[Exercise goal]
Return the following lines and nothing else: the one holding "VISTA GENERAL DE" and all those after it in the records below, unchanged, minus any pictures.

[Data excerpts]
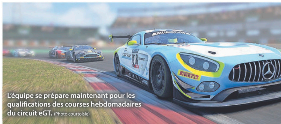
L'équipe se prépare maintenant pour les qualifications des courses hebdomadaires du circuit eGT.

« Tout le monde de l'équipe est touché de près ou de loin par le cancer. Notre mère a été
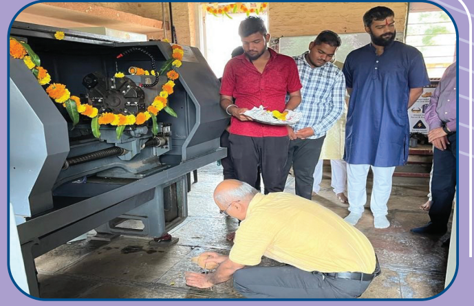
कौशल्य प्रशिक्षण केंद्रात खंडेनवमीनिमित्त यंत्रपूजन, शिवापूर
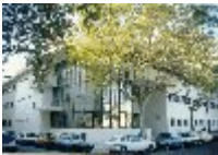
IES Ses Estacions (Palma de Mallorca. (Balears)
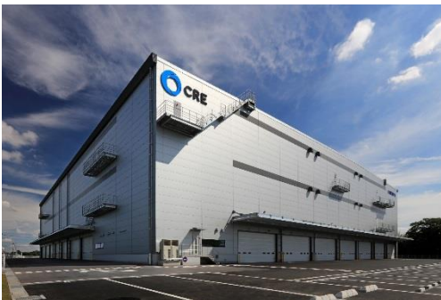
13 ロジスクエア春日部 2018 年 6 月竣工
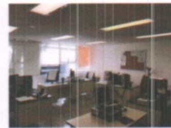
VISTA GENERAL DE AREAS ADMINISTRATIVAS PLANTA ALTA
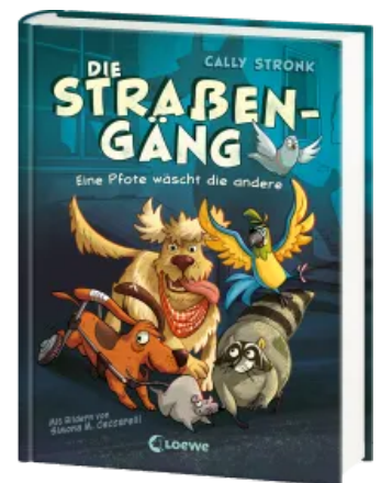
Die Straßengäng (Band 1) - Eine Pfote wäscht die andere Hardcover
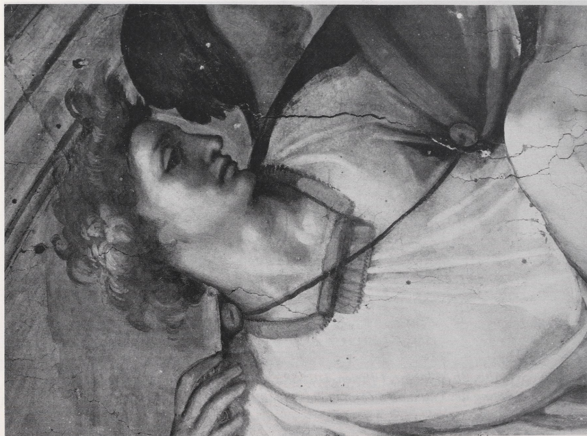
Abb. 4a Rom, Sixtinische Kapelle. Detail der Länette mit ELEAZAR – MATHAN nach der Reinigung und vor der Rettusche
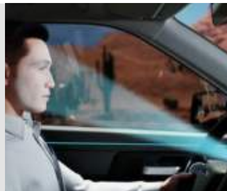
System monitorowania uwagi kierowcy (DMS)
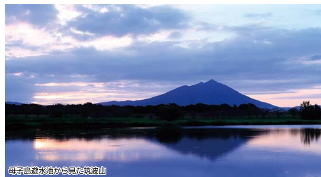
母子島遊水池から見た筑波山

[Answer space]
VISTA GENERAL DE AREAS ADMINISTRATIVAS PLANTA ALTA
Die Straßengäng (Band 1) - Eine Pfote wäscht die andere Hardcover
Abb. 4a Rom, Sixtinische Kapelle. Detail der Länette mit ELEAZAR – MATHAN nach der Reinigung und vor der Rettusche
System monitorowania uwagi kierowcy (DMS)
母子島遊水池から見た筑波山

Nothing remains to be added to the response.